Dataset:
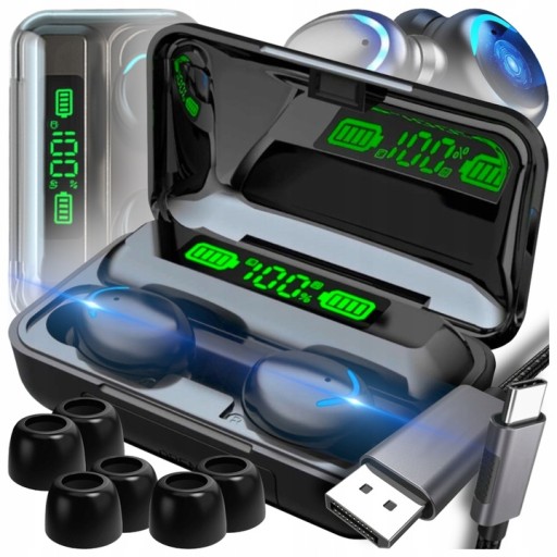 ⭐BEZPRZEWODOWE DOUSZNE SŁUCHAWKI WIRELESS BLUETOOTH BT 5.0 ETUI + POWERBANK⭐
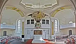 Die Quersaalkirche galt zur Zeit August Wilhelms als die für den protestantischen Gottesdienst am besten geeignete Raumform. Damit war der Kirchenbau ganz auf die Abhaltung eines reformierten Gottesdienstes abgestimmt, eine Nutzung für katholische Gottesdienste wäre nicht ohne größere Umbauten möglich gewesen. Im Gegensatz zur katholischen Kirche, in welcher der Altar in einem von der Gemeinde abgegrenzten Chorraum steht, der Laien nicht zugänglich war, steht hier der Altar in der Mitte der Kirche. Die Sitzplätze für die Gemeinde befinden sich links und rechts davon in den Kreuzarmen und den darüber liegenden Emporen und sind mit Blick auf den Altar ausgerichtet. Mit diesem Bau wollte August-Wilhelm seinen evangelischen Glauben dokumentieren und verhindern, dass sein Vater Herzog Anton Ulrich, der 1709 zum römisch-katholischen Glauben konvertiert war, seine Schlosskirche für katholische Gottesdienste nutzen konnte.
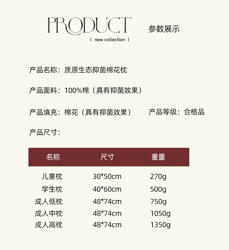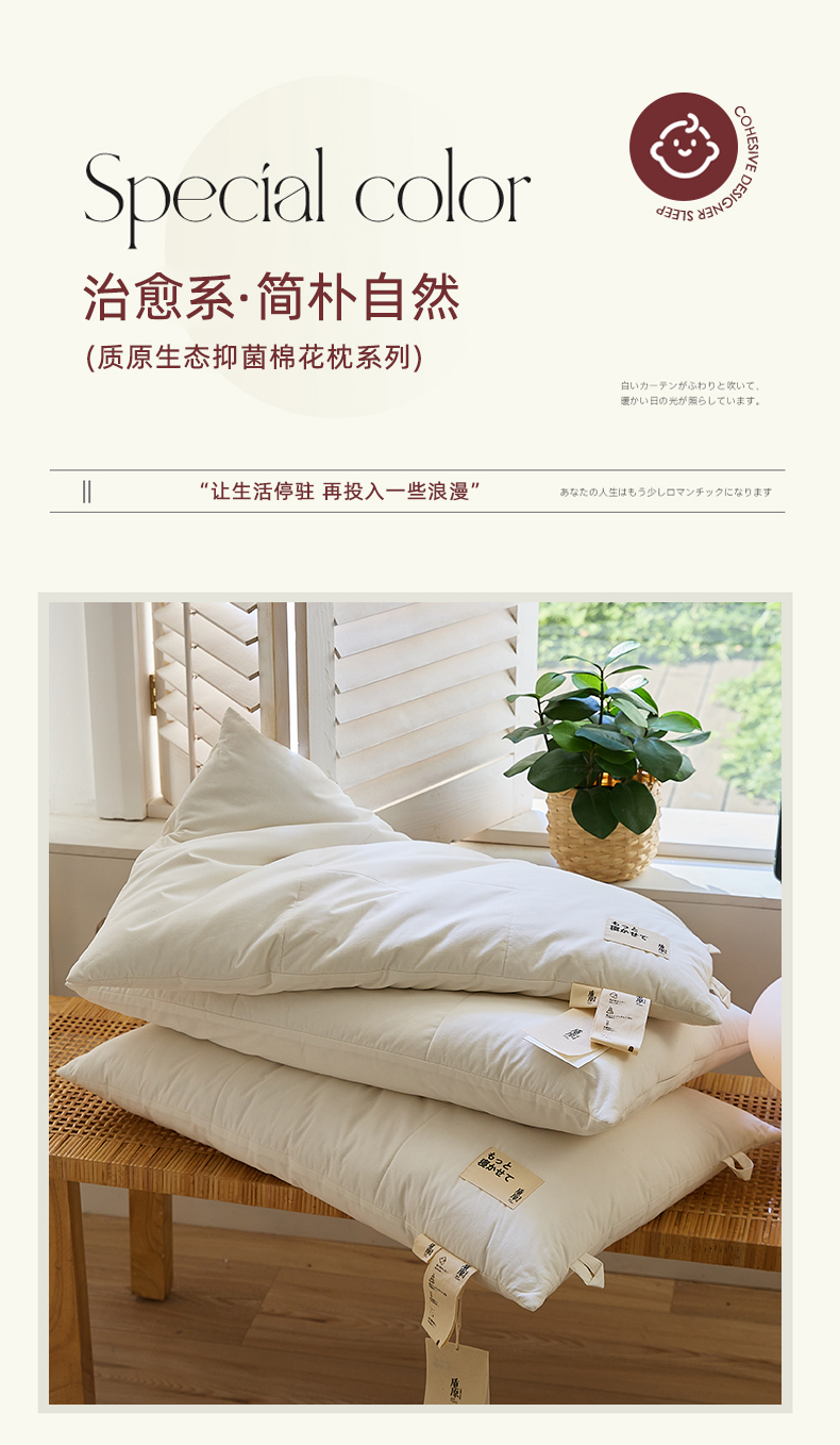 质原生态抑菌棉花枕-成人低枕
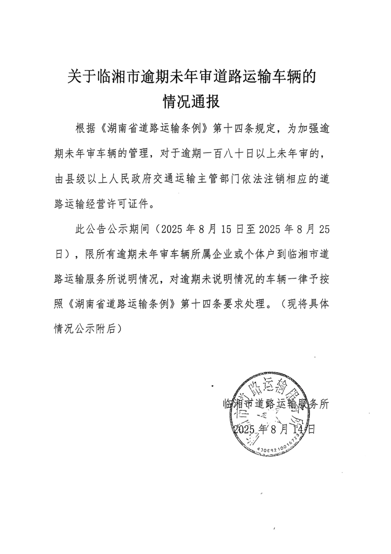 关于临湘市逾期未年审道路运输车辆的情况通报(11)
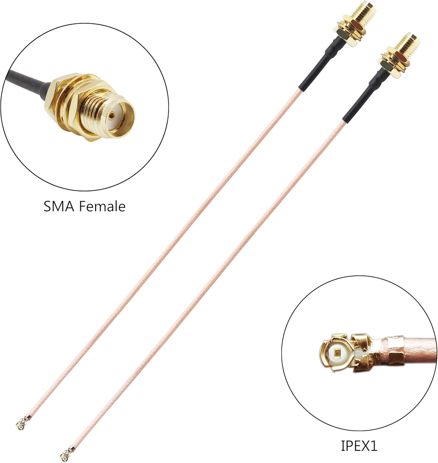 • Package Includes: 2 x SMA Female to UFL/IPEX1/U.FL1 coaxial cable (Connector 1: SMA Female, Connector 2: UFL connector, Cable type: 8 inches RG178 coax cable)
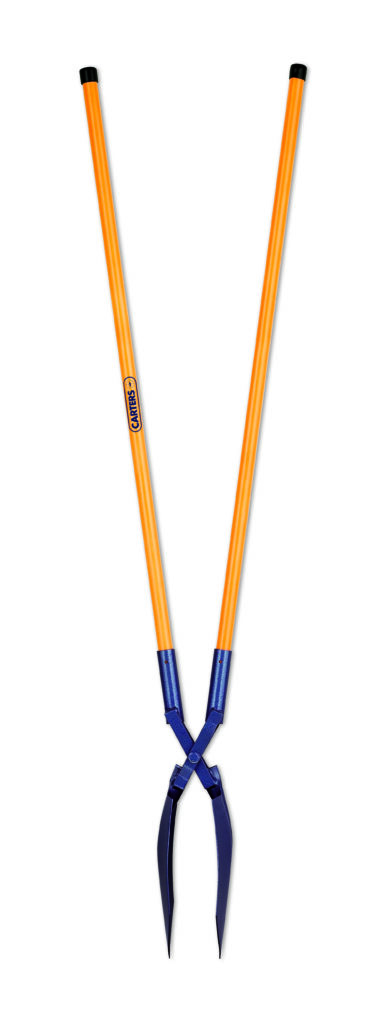 - Scissor action post holer for clearing rubble and soil from post holes.

Problem description: All that is wanted is each line, word for word, from the first line of the data to the one holding "关于临湘市逾期未年审道路运输车辆的情况通报(11)", with the pictures left out.

Expected answer:
 ⭐BEZPRZEWODOWE DOUSZNE SŁUCHAWKI WIRELESS BLUETOOTH BT 5.0 ETUI + POWERBANK⭐
 Die Quersaalkirche galt zur Zeit August Wilhelms als die für den protestantischen Gottesdienst am besten geeignete Raumform. Damit war der Kirchenbau ganz auf die Abhaltung eines reformierten Gottesdienstes abgestimmt, eine Nutzung für katholische Gottesdienste wäre nicht ohne größere Umbauten möglich gewesen. Im Gegensatz zur katholischen Kirche, in welcher der Altar in einem von der Gemeinde abgegrenzten Chorraum steht, der Laien nicht zugänglich war, steht hier der Altar in der Mitte der Kirche. Die Sitzplätze für die Gemeinde befinden sich links und rechts davon in den Kreuzarmen und den darüber liegenden Emporen und sind mit Blick auf den Altar ausgerichtet. Mit diesem Bau wollte August-Wilhelm seinen evangelischen Glauben dokumentieren und verhindern, dass sein Vater Herzog Anton Ulrich, der 1709 zum römisch-katholischen Glauben konvertiert war, seine Schlosskirche für katholische Gottesdienste nutzen konnte.
 质原生态抑菌棉花枕-成人低枕
 关于临湘市逾期未年审道路运输车辆的情况通报(11)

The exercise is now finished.